Exercise details: Repeat the span of the entries below that starts at the line with "Ultrasound pachymetry is" and ends at the line with "Image 3: 20,000", nothing more. Skip the pictures.

Records excerpted from a collection:
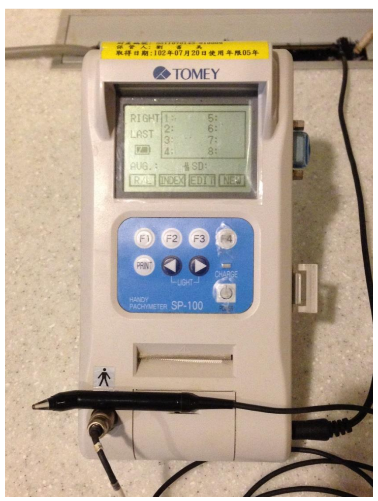
Figure 1. Ultrasound pachymeter

Ultrasound pachymetry is the most common method to evaluate CCT (Figure 1).
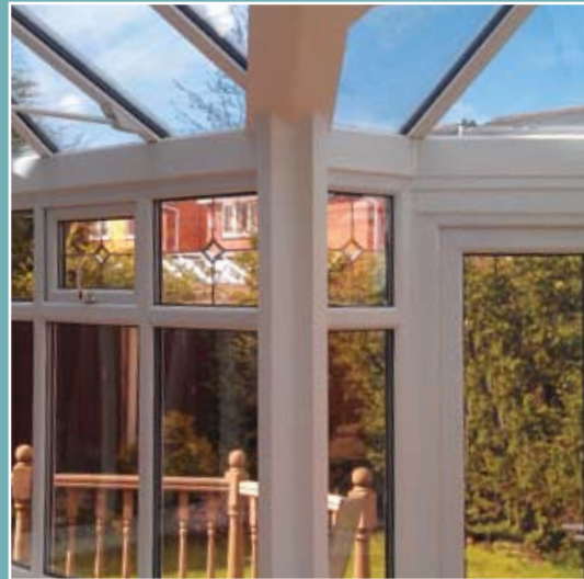
Installed Retro-fix posts
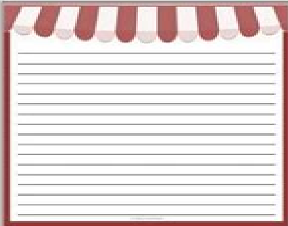
Stationary-Thematic Writing Paper - designs by Lisa
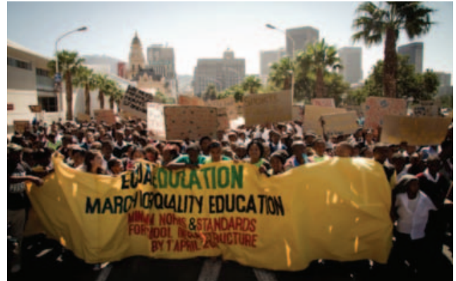
Image 3: 20,000 Equal Education activists march on Parliament on Human Rights Day, 2011.

Many parents have experienced negative or harmful school environments, having been educated under Bantu Education. These parents often felt intimidated and were less aware of what to expect from schools and government. To develop understanding of educational issues among parents and to encourage their support and action, Equal Education has run educational workshops with parents and involved them in campaigns, advocacy work and school based projects, such as supervised after-school homework classes.
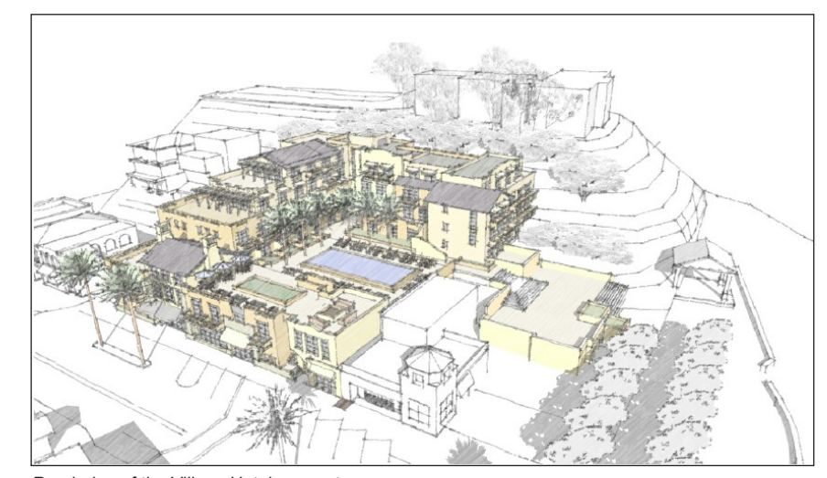
Rendering of the Village Hotel concept

The City received a conceptual review application for a future hotel at 120 Monterey Avenue, previous home to the Capitola theater and current parking lot. Swenson Builders, the property owner, seeks feedback from the Planning Commission and City Council on a conceptual design for an 89-room hotel including meeting and banquet space, a bar/ lounge open to the public, a pool on the second story, and 92 onsite parking spaces within an underground parking garage. The design reinforces the Village's pedestrian-oriented development pattern with storefront windows facing the sidewalk on Monterey Avenue. The building height is two and three stories
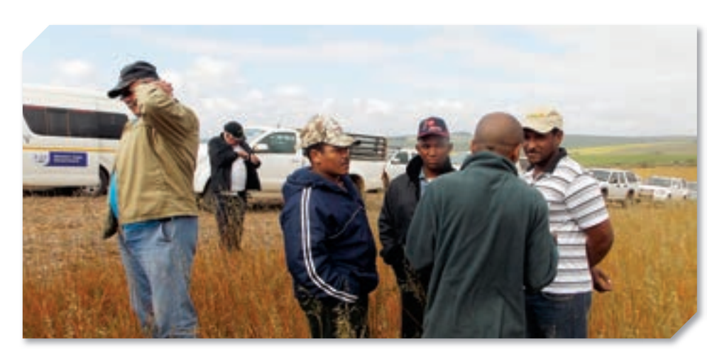
Keep talking to and learning from everyone around you.

any businesses have dedicated procurement departments. They communicate regularly with suppliers to ensure that quality products are obtained at the best possible prices.
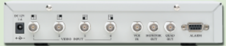
QD-04N Rear Panel
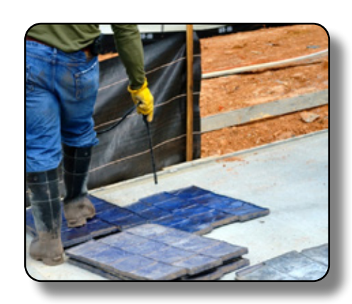
Xylene and toluene
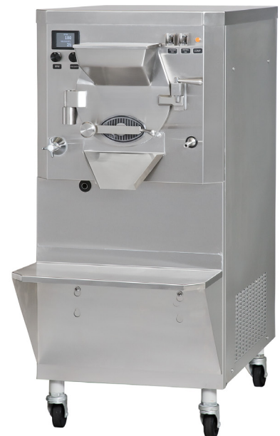
Shown With Optional Controls

*Excludes normal wear parts, see warranty card for details.
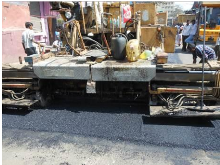
Fig.1: Unchecked Asphalt Paver Machine
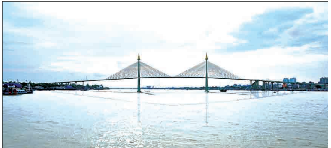
The architectural design of Yangon-Dala friendship bridge between Myanmar and South Korea.

The Bridge Management Department under the Ministry of Construction has been conducting a feasibility study since the 2012-2013 fiscal year, together with Top Engineering Consultant International Co. Ltd, South Korea's EXIM
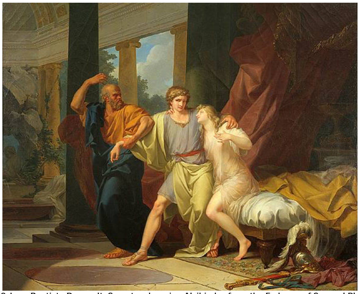
Figure 8 Jean-Baptiste Regnault, Socrates dragging Alcibiades from the Embrace of Sensual Pleasure, 1791.
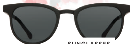
SUNGLASSES Komono, $115
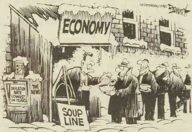
"BUT JUST THINK ABOUT INFLATION... I'LL BET YOU'RE NOT PAYING ANY MORE FOR FOR A MEAL TODAY THAN YOU WERE THREE MONTHS AGO..."
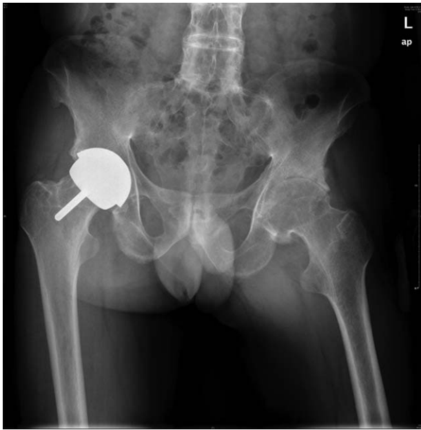
Figure 1. The radiograph of the pelvis of the patient shows bony ankylosis of the lumbar vertebra and bilateral sacroiliac joints. The right hip underwent hip resurfacing 5 years ago, and the left hip was narrowing.

30 degrees, extension 0 degrees, adduction 10 degrees, abduction 20 degrees, and external rotation 20 degrees. Laboratory examinations were in normal range. The routine blood examination showed: hematocrit (HCT) 43.1%, hemoglobin (HGB) 143 g/L; coagulation function: prothrombin time (PT)=14.1 seconds, activated partial thromboplastin time (APTT)=38.8 seconds, thrombin time (TT)=15.0 seconds, international normalized ratio (INR)=1.1. The C-reactive protein (CRP) was 13.4 mg/L, and the erythrocyte sedimentation rate (ESR) was 16 mm/H. A preoperative X-ray showed that the left hip had bony ankylosis and the right side of the hip was replaced (Fig. 1).
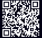
RUTM20 360° VIEW

Deploy 5G where size and cost matter. The RUTM20 is an ultra-compact global 5G router engineered for IoT and IIoT solutions. Leverage worldwide connectivity with a global Telit 5G modem. Streamline deployments with PoE, enabling single-cable power delivery. With integrated eSIM, you can manage carrier switching at scale, eliminating costly site visits. RUTM20 is perfect for space-constrained solutions like POS, surveillance, and transport.
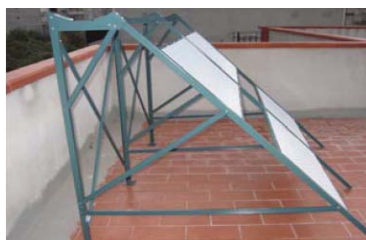
Fit for plane surface
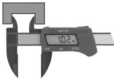
Figure B: Inner Measurement
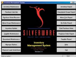
SilverWare Inventory Manager

Until recently Silverware has had a very quiet presence in Atlantic Canada. With minimal representation Silverware has been installed in some 11 restaurants. In March 2002 ON-LINE Computer Services became an Authorized Business Partner and dealer for Silverware software solutions. Following extensive training at Forsys's head office in Toronto ON-LINE is ready to deliver Silverware POS solutions to restaurants throughout the four provinces of Canada's East Coast.
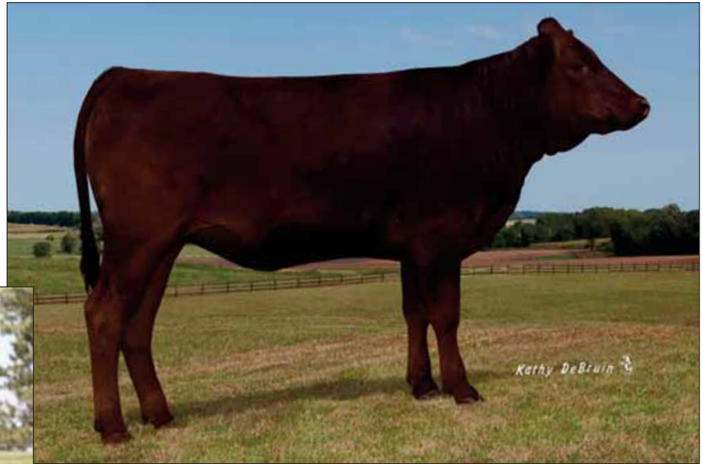
HPW Keiko -ET, dam of Lot 66.
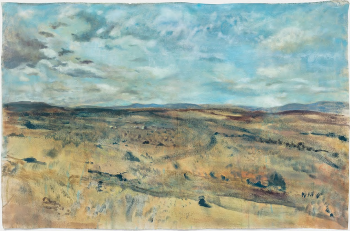
Ver Van Vergeet (Far From Forgetting) Oil and Acrylic on Canvas, 2023 100 x 154 cm ZAR 44,000
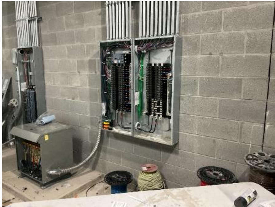
Electrical Panel Make up
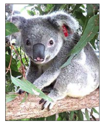
'Razor Bob' on the wire and in care

We never cease to be amazed at some of the crazy places koalas end up but we reckon 'Razor Bob' took the cake last month. A young male, he somehow got inside the razor wire at the Dunoon Essential Energy sub-station, pacing back and forth in the wire for at least two hours before his rescue could be affected. With two Essential Energy workers on one side of the fence and Friends of the Koala's trusty rescuer on the other (well away from potential electrocution)
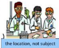
the location, not subject
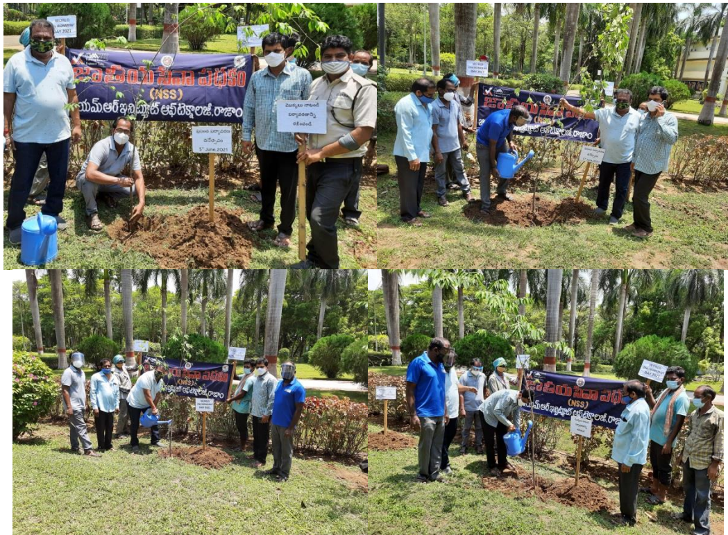
05-06-2021 Organized Plantation programme in connection with World Environment Day
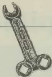
Take a look at our Tool special on Page 5.
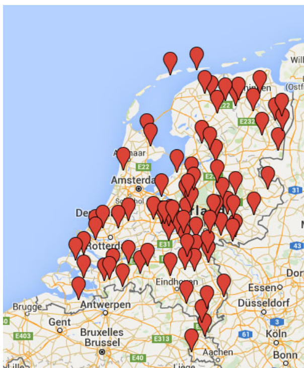
Fig 1. The geographic location of the pastures where the Acer seeds, sprouts and leaves were sampled.

After an information campaign in horse journals and at meetings, 278 samples of maple tree leaves, sprouts, and seeds collected by horse owners in 2014 were sent to Utrecht University (UU) and RIKILT-Wageningen UR (Figs 1, 2, 3). The samples were taken from the ground, packed in plastic, and immediately sent to the laboratory where they were stored at -20^{\circ}\text{C} within 24 hours of collection. They were classified by an experienced botanist at the species level ( Acer pseudoplatanus , Acer platanoides , or Acer campestre ) on the basis of the samples and accompanying photographs sent by
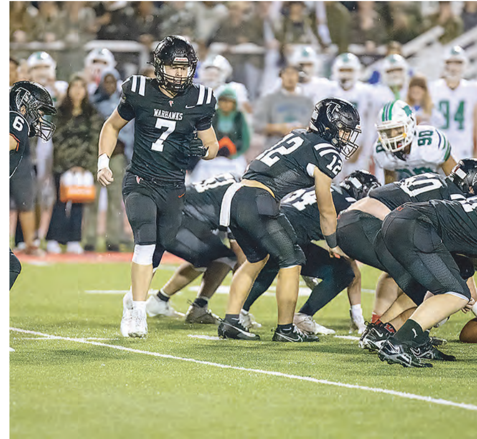
Liden Krush #7 is in motion before the Madison QB takes the snap.
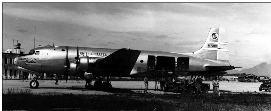
A C-54 unloads at Kimpo Airfield, September 1950.

The invasion of Inchon got underway on September 15. Taken by surprise, the enemy offered only light opposition. Three days later, advance elements of
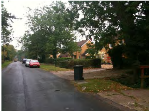
Fig 31: More modern development in Reed includes hedgerows, front gardens and additional verges plus on-street and off-street parking

349. There would appear to be a strong influence of the late 19 th Century in the village although roughly a third of the houses in the village have been constructed since 1950.
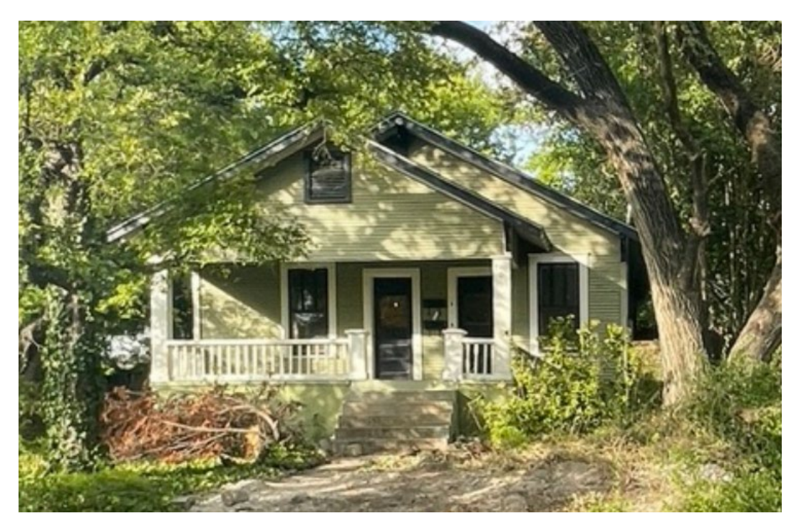
Demolition permit application, 2022
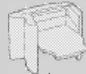
High Capacity Output Stacker (20G0896) Up to 1,850 sheets
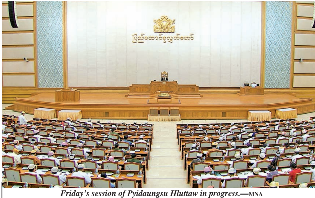
Friday's session of Pyidaungsu Hluttaw in progress.

The Pyidaungsu Hluttaw session also approved borrowing US$ 45 million for the Ministry of Rail Transportation from the EDCF of South Korea. The loan will be spent on (See page 3)
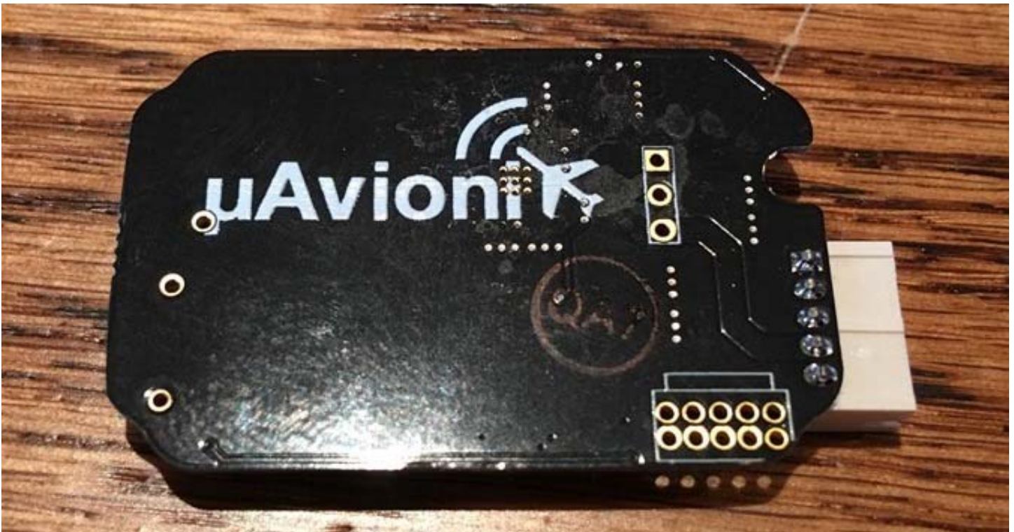
Power Supply Board, Side 2
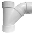
Part No. PVC 400 Sanitary Tee (ALL HUB)
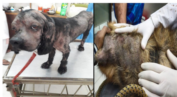
Figure 1: Dogs suspected for demodex infestation.

The data originating from different studies was analyzed by using descriptive analysis and one sample t-test.
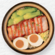
M1 BBQ Pork with Salted Egg on Rice 暗然銷魂叉燒煲仔飯 15 99
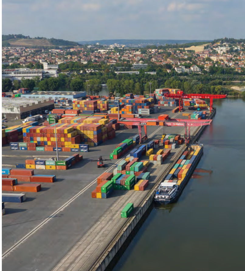
Port of Gennevilliers

Paris Region sits at the geographic heart of Europe. An outstanding transport and telecommunications infrastructure connects the French capital to all of the world's major economic regions. Paris Region benefits from a catchment area with an estimated 25 million inhabitants within a 200-kilometre radius. Paris Region is an ideal hub for logistics and shipping, with very efficient infrastructure to get your goods to market.
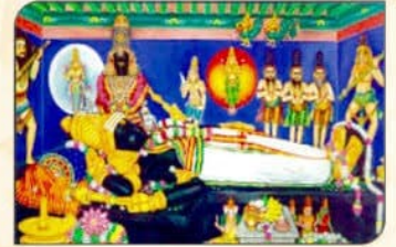
Surutapalli Siva Temple
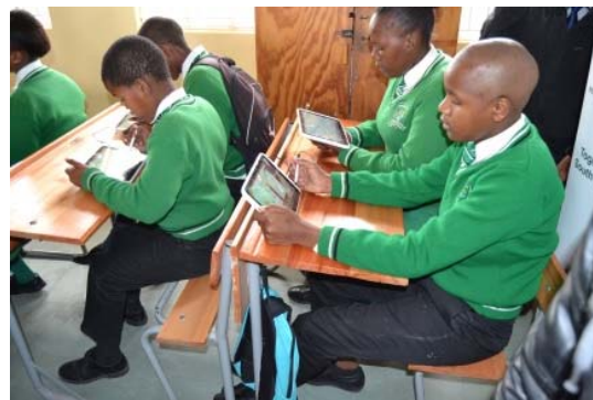
Deputy Minister of DOC officially handing over the Cyber Lab at Ngubeszwe SSS with tablets to inspire learners to put education first
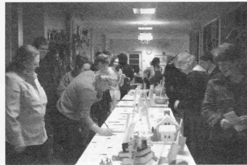
Silent Auction: the bidding heats up

People needing a break from sampling desserts, chocolate and otherwise, were able to bid on items ranging from handmade quilted bags to a

Solution to this task:
Ultrasound pachymetry is the most common method to evaluate CCT (Figure 1).
Installed Retro-fix posts
Stationary-Thematic Writing Paper - designs by Lisa
Image 3: 20,000 Equal Education activists march on Parliament on Human Rights Day, 2011.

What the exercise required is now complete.